[Source records]
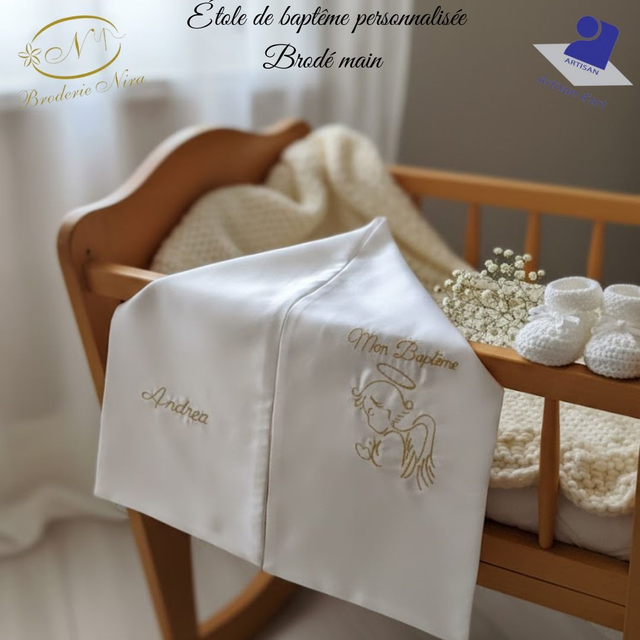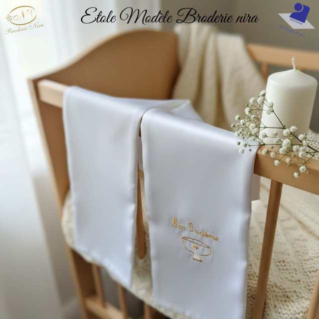 2. Broderie d’Art Artisanale : Chaque motif, chaque initiale ou chaque date est brodé avec une finesse extrême, apportant une touche de délicatesse unique que seule la main peut offrir.
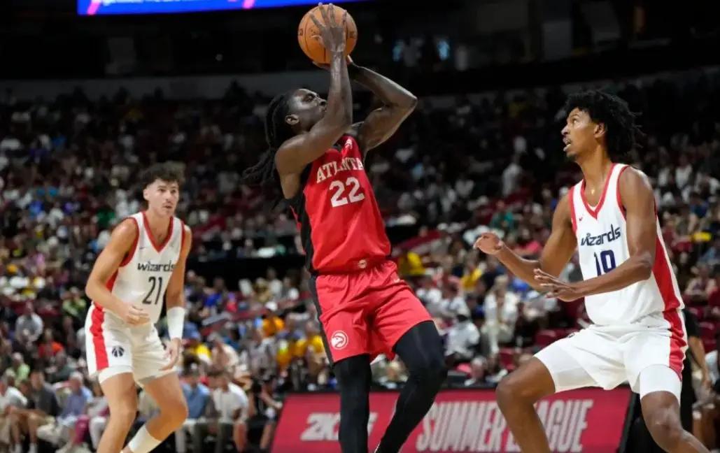在NBA拉斯维加斯夏季联赛的激烈较量中,一场备受瞩目的状元与榜眼直接对话于北京时间7月13日上演。然而,比赛结果却出人意料,奇才队在次节曾落后多达13分的不利局面下,凭借全队的顽强拼搏,最终以94-86逆转战胜老鹰队,取得了夏季联赛的开门红。
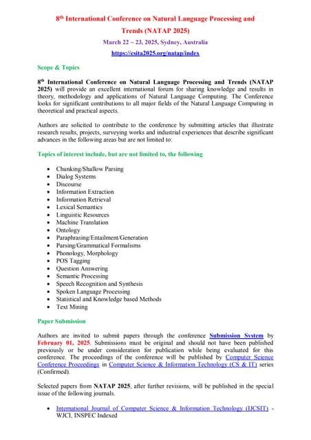 - Keynote Speakers: Get ready to be inspired by the leading experts in the field. Keynote speakers are typically renowned researchers or industry leaders who will share their vision for the future of language processing.
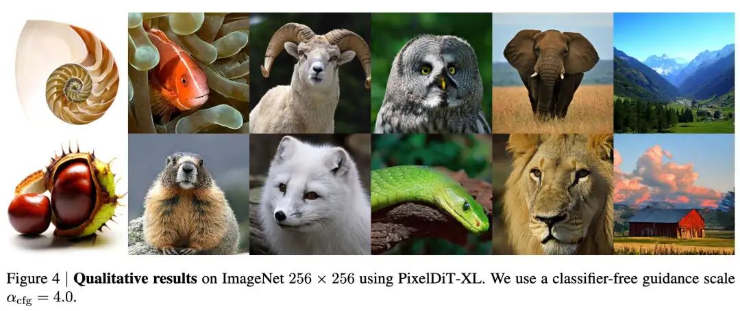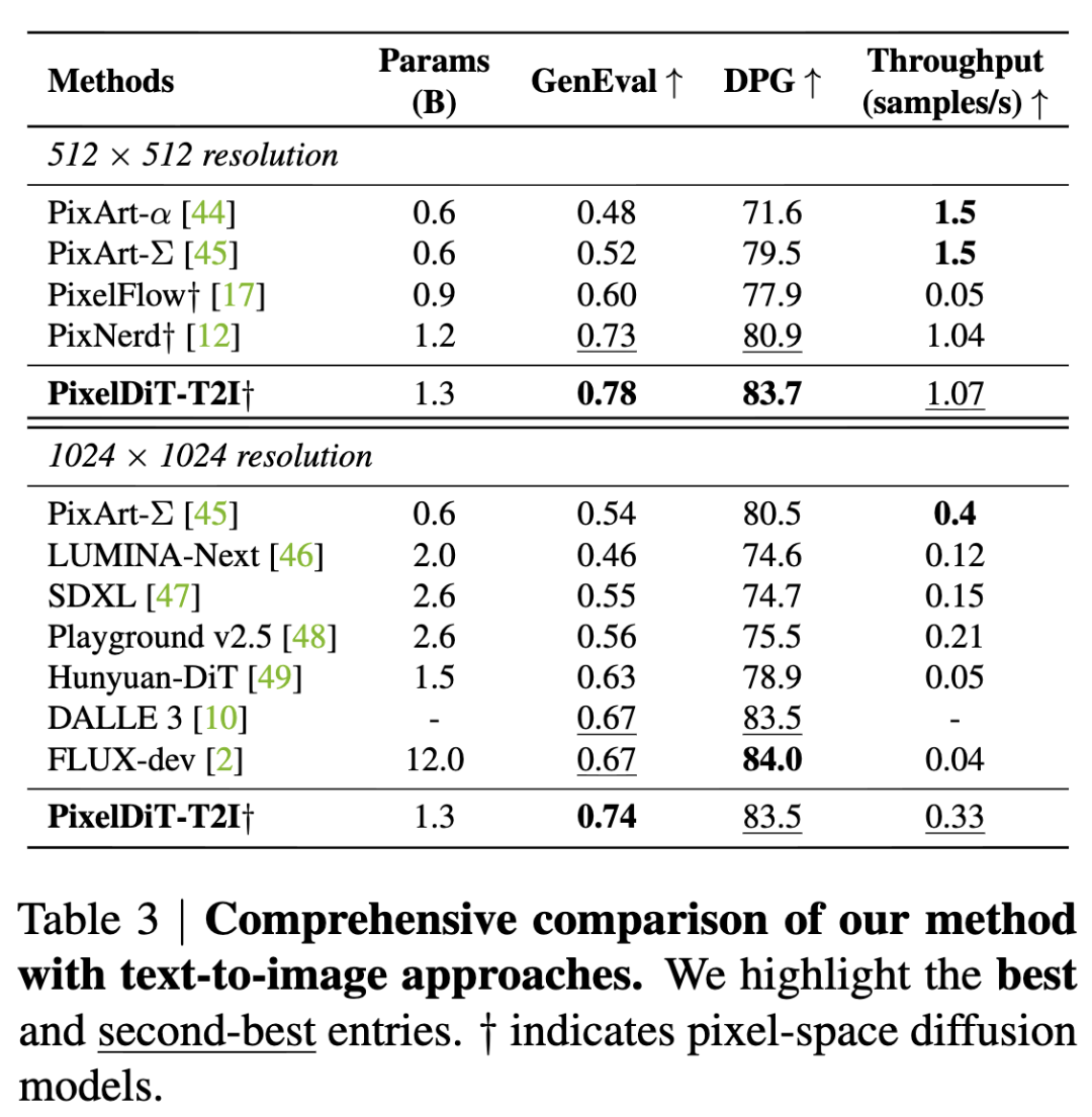 Scalability: Successfully extends to text-to-image generation and performs direct pretraining in a 1024×1024 pixel space. Achieves 0.74 on GenEval and 83.5 on DPG-bench, with performance approaching the best latent space diffusion models.
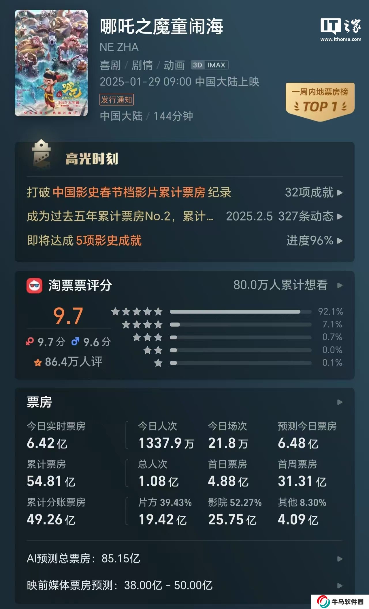 電影《哪吒之魔童鬧?!酚?2025 年 1 月 29 日起在中國大陸上映,目前豆瓣評分 8.5,今日實時票房 6.42 億、累計票房 54.81 億、累計分賬票房 49.26 億。影片講述了:
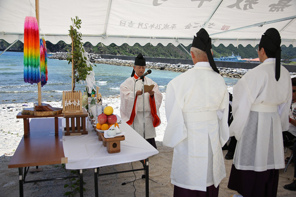 あの沖縄戦が終わりまして六十九年、今年三月五日、慶良間諸島は国立公園に指定されました。ここで改めて、汝達のことが思われ、畏れながら、この海域に鎮まれたままの汝達の御霊をお慰め申し上げたく思い、ささやかながら、御前に御饌御神酒をはじめみ恵みのものお供え致し、思いを同じくする者御前に集い、沖縄海域戦没者・特別攻撃隊員慰霊祭併せて沖縄海域平安祈願祭お仕え申し上げます状をなにとぞ御心も安らかに清やかに御聞き届け御受け取りくださいませ。
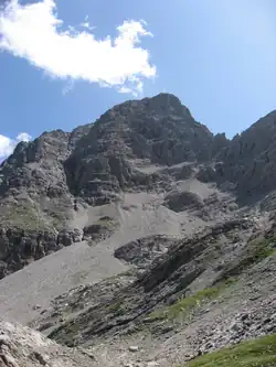 The Urbeleskarspitze is a 2,632-metre-high mountain peak in the Allgäu Alps. It lies within Austria in the state of Tyrol and is the fifth-highest summit in the Allgäu Alps and the second-highest peak in the Hornbach chain. Its neighbours in the Hornbach chain are the Bretterspitze to the southwest and the Zwölfer Spitze to the northeast.
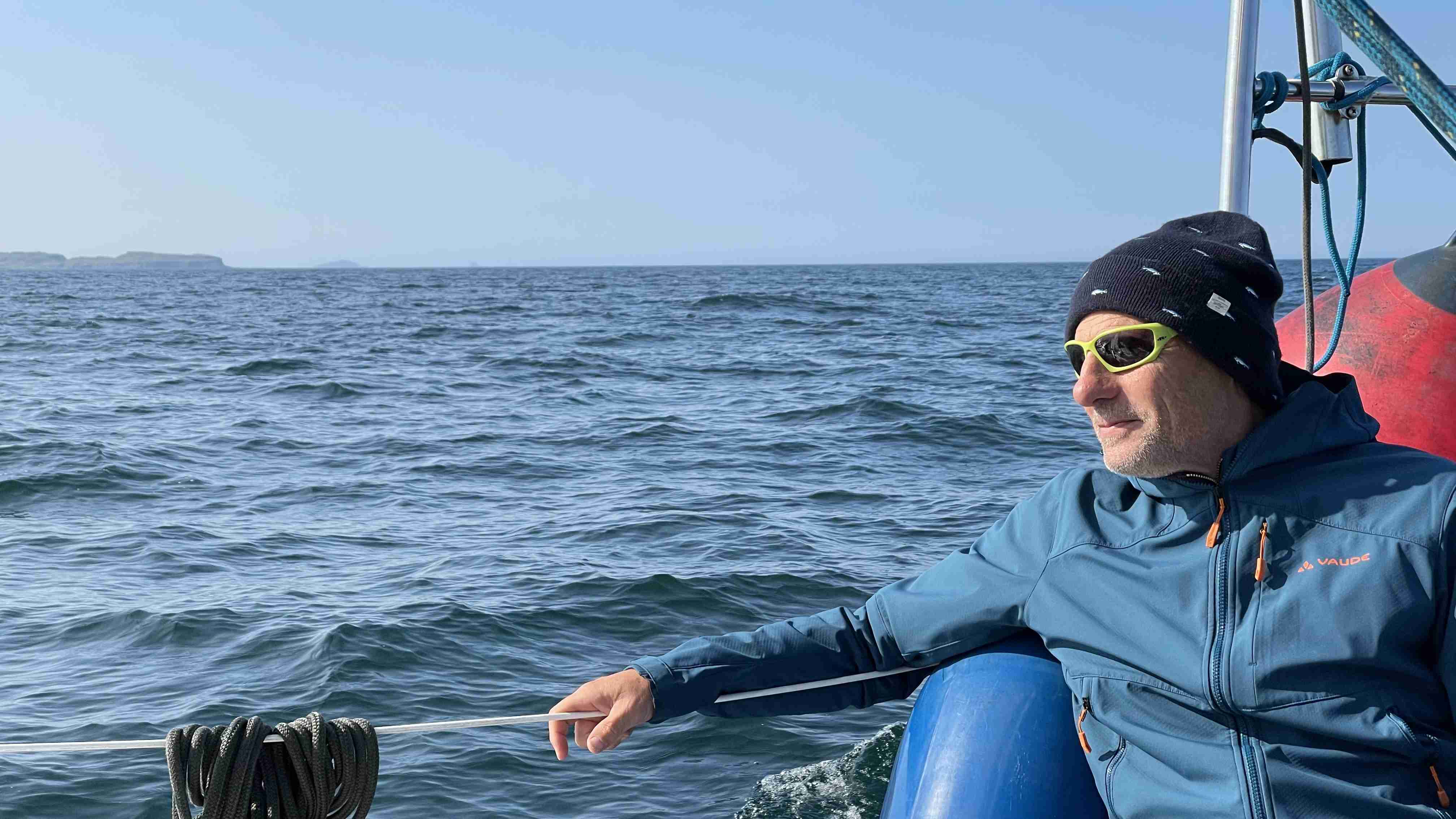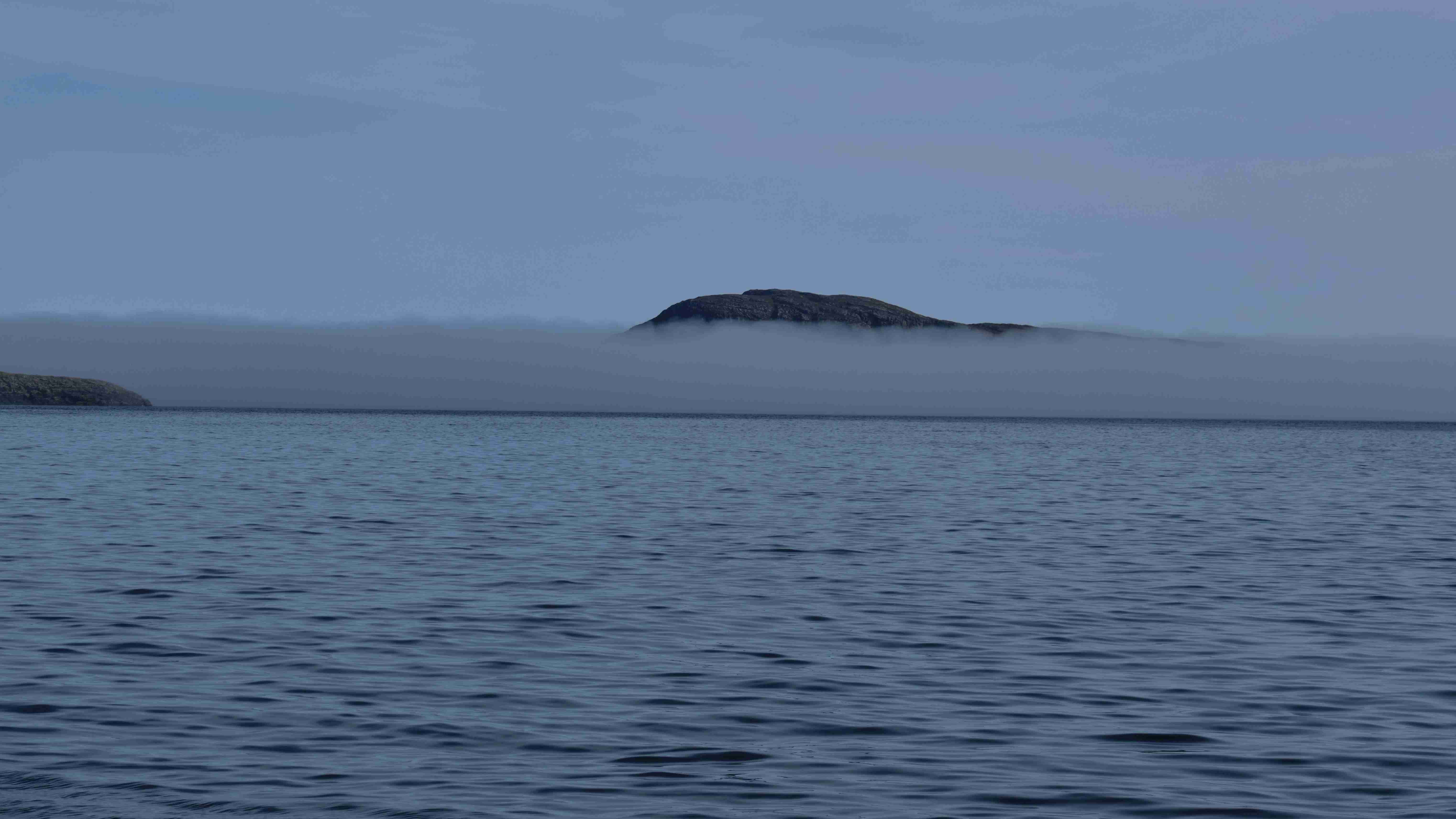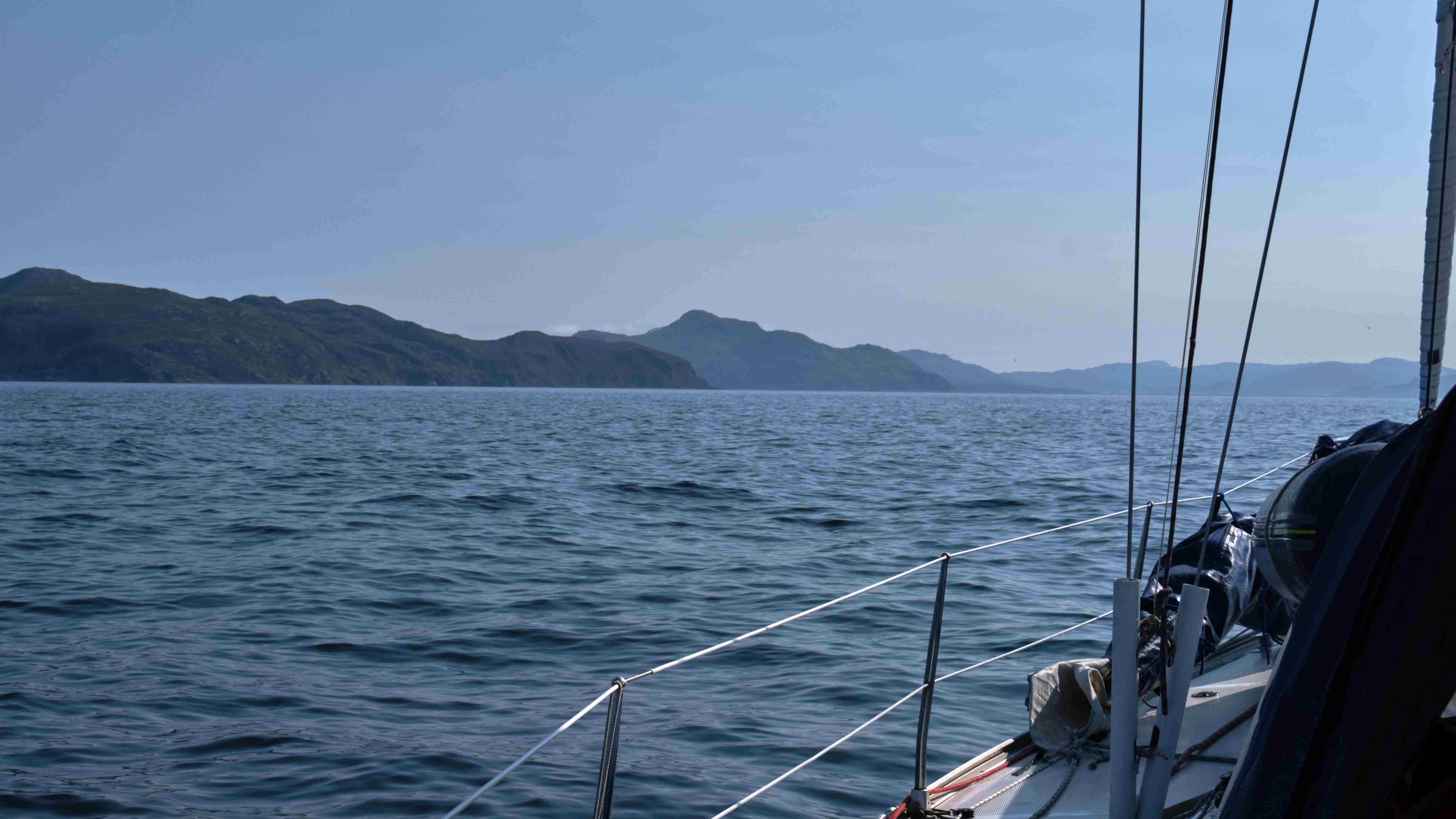 Till und Sophia sind schweren Herzens nach zwei guten Wochen von Bord gegangen; wir kamen trotz mehrerer Starkwindsituationen gut voran und konnten den Rückstand von Galway wieder aufholen. Stefan und Fernando, der sich kurzentschlossen entschieden hatte, kommen zur letzten Etappe an Bord nach Barra, wir haben einen schönen ersten Abend im gleichen Restaurant und am nächsten Morgen geht es los. Wir haben ein wunderschönes Sommerwetter, ein kräftiges Hoch bildet sich über Großbritannien und blockiert die nachziehenden Tiefs. Der Nebeneffekt bedeutet aber eine Schwachwindperiode von mindestens drei Tagen, in denen Segeln fast unmöglich ist. Nach dem Ablegen in Castlebay können wir mit einer schönen Seebrise aus der Bucht kreuzen, müssen dann aber auf offener See den Motor starten und werden von aufziehendem Seenebel verschluckt. Gespenstig und schemenhaft tauchen Inseln daraus hervor.
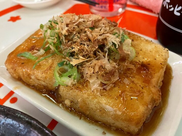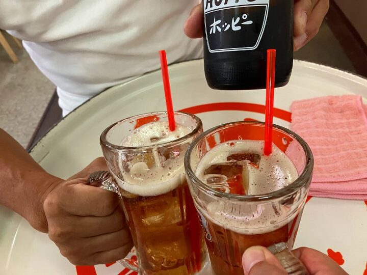 最初の一杯はホッピー黒で乾杯。軽い苦みとコクのある味が体にしみた。
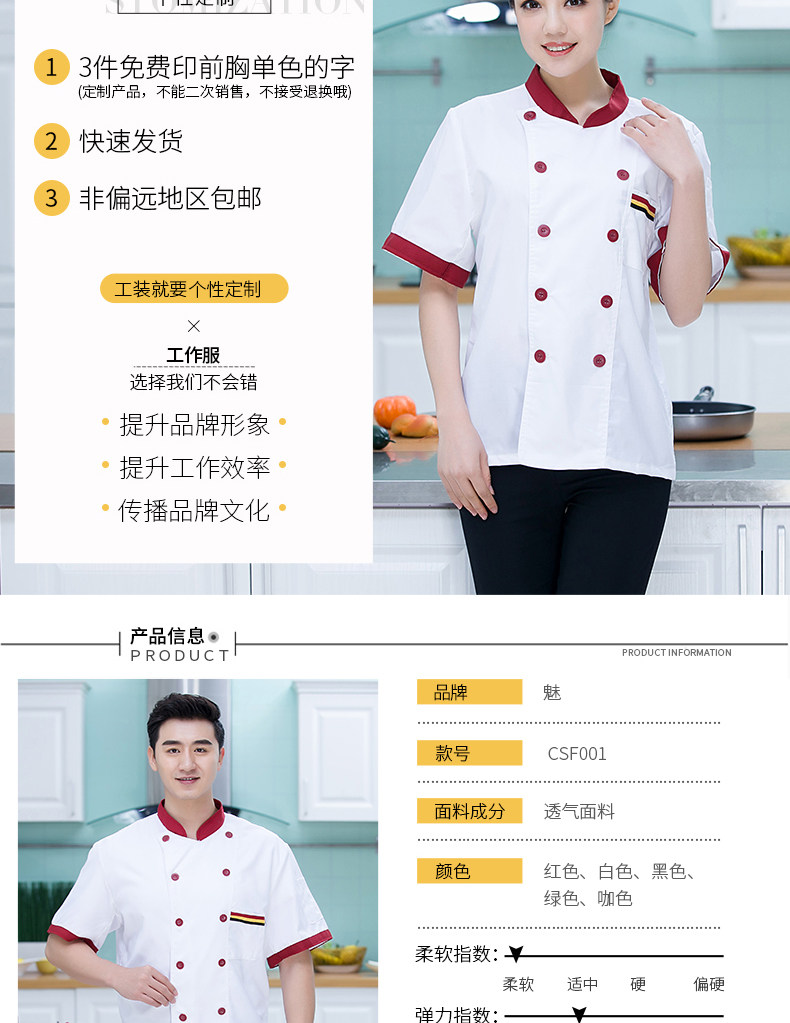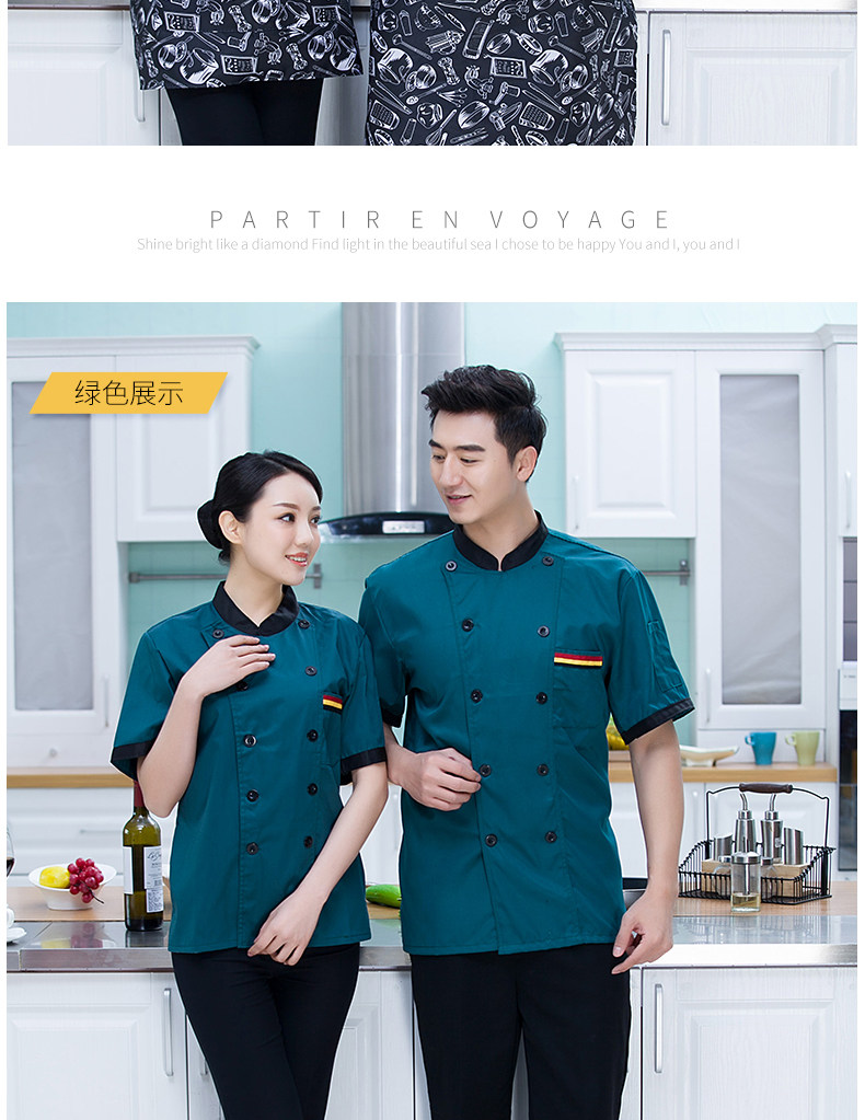 是魅 Шеф-повар подходит для летних тонких дышащих ресторанов ресторана шеф-повара рабочая одежда одежда с короткими рукавами для мужчин и женщин
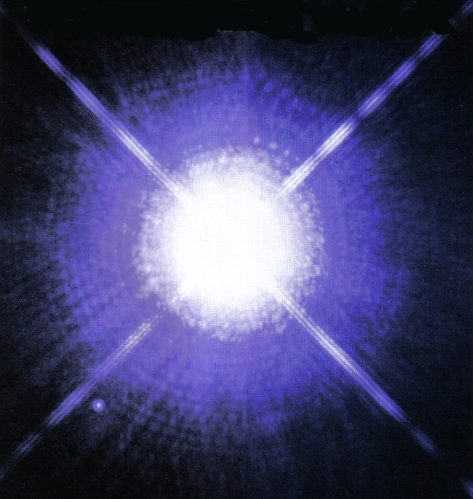 The picture above was taken by the Hubble Space Telescope with a camera that has a special mask to reduce the glare of Sirius A. Sirius B can be seen to the lower left as a small white dot. Sirius B cannot be seen using any normal amateur's telescope.

### Description of the task
Using the data above, retype exactly the lines from the line with "電影《哪吒之魔童鬧?!酚?2025 年 1" to the line with "The Urbeleskarspitze is", inclusive. No pictures and nothing else.

### Exercise answer
 電影《哪吒之魔童鬧?!酚?2025 年 1 月 29 日起在中國大陸上映,目前豆瓣評分 8.5,今日實時票房 6.42 億、累計票房 54.81 億、累計分賬票房 49.26 億。影片講述了:
 あの沖縄戦が終わりまして六十九年、今年三月五日、慶良間諸島は国立公園に指定されました。ここで改めて、汝達のことが思われ、畏れながら、この海域に鎮まれたままの汝達の御霊をお慰め申し上げたく思い、ささやかながら、御前に御饌御神酒をはじめみ恵みのものお供え致し、思いを同じくする者御前に集い、沖縄海域戦没者・特別攻撃隊員慰霊祭併せて沖縄海域平安祈願祭お仕え申し上げます状をなにとぞ御心も安らかに清やかに御聞き届け御受け取りくださいませ。
 The Urbeleskarspitze is a 2,632-metre-high mountain peak in the Allgäu Alps. It lies within Austria in the state of Tyrol and is the fifth-highest summit in the Allgäu Alps and the second-highest peak in the Hornbach chain. Its neighbours in the Hornbach chain are the Bretterspitze to the southwest and the Zwölfer Spitze to the northeast.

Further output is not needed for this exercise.